ВТОРОЕ РАЗРУШЕНИЕ ГРАДА

(Повести и рассказы)

МЫ

ОДНАКО НЕЛАДЫ

Оставить комментарий

Вот на ком я понял несостоятельность материализма. Какими хочешь благами надели слабоумного, он все равно взбунтуется против умного. Все зло от умственной недостаточности, имущественная недостаточность и все остальное вторичны. Самое непостижимое в нем для меня было то, что он не хотел меня слышать. Впрочем, опять-таки, когда пытался действовать по моим указаниям, у него почему-то получалось совсем не то, что получилось бы у меня.

С возрастом всё плохое в нем как бы усиливалось и усиливалось. То было время всеобщего очковтирательства (как и теперь, впрочем). Школа не была в стороне, от учителей требовали стопроцентной успеваемости их учеников. Чтоб оставить кого-то за неуспеваемость на второй год — это на всю школу пятно. Всё же племянник в четвертом и пятом классах сидел по два года. Когда ему стукнуло пятнадцать, мы пытались устроить его работать, ходили по разным инстанциям целый год, и лишь когда исполнилось шестнадцать, устроили работать на обувную фабрику клеить на ботинки и босоножки подошву. Конечно же возникли новые проблемы: он теперь стал после зарплаты пить. И само собой, не зная меры. О, множество раз являлся он то избитым, то ограбленным, то раздетым до трусов. Но это было не самое страшное. Он давно видимо считал, что кто-то ведь виноват, что он не как все, а хуже. И вот теперь, напившись, начинал придираться ко всем, что-то доказывать, орать жуткую чушь, поводом могла стать любая мелочь.

Следующим этапом была все более не дающая ему покоя половая зрелость.

Накануне воинской службы мне попалась удивительная книжка под названием «Путь всякой плоти». На всю жизнь мне запомнилось оттуда несколько замечаний. Среди них о том, что молодость в жизни человека, подобно весне в жизни природы, слишком захваленный момент. Лишенная тревоги, полная согласия с собой и всем-всем вокруг прелесть осени и старости куда более отрадна. О старости, конечно, всякий не старый человек может только догадываться, но что касается молодости, то я, например, ни за что не хотел бы, чтобы моя повторилась. Что касается племянника, то она у него была просто хуже некуда. Девушки, женщины от него шарахались, хотя внешне он был вовсе не дурен, а однажды мне сказали, что красив. Меня это поразило, потому что я всегда видел в нём только идиота. А разве идиоты бывают красивыми?
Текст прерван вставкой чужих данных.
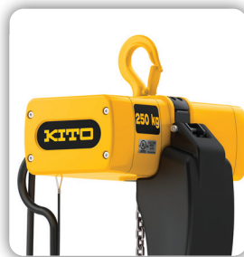
Top Hook Mount

Когда-то десятилетним пацаном, начитавшийся советских книжонок про правильных сознательных людей, я кричал своей сестре: «Бессовестная! Как ты думаешь жить. У тебя же нет в жизни никакой цели…» С племянником было иначе, я про него уж понимал, что если честно, то он гораздо в большей степени животное, чем человек. Между прочим, когда у меня срывалось: «Ты не человек!» — он неизменно приходил в ярость. «Я человек! Я человек…» Совсем как люди-звери с острова профессора Моро, в одной из придуманных в конце девятнадцатого века и фактически осуществленных в двадцатом литературных фантасмагорий.

В тридцать два года я женился на Марише. Скоро мы купили подержанный «запорожец», часто ездили на нём в её родную деревню, что было для меня очень-очень любопытно. Но как же портил мои отношения с деревней мой племянничек.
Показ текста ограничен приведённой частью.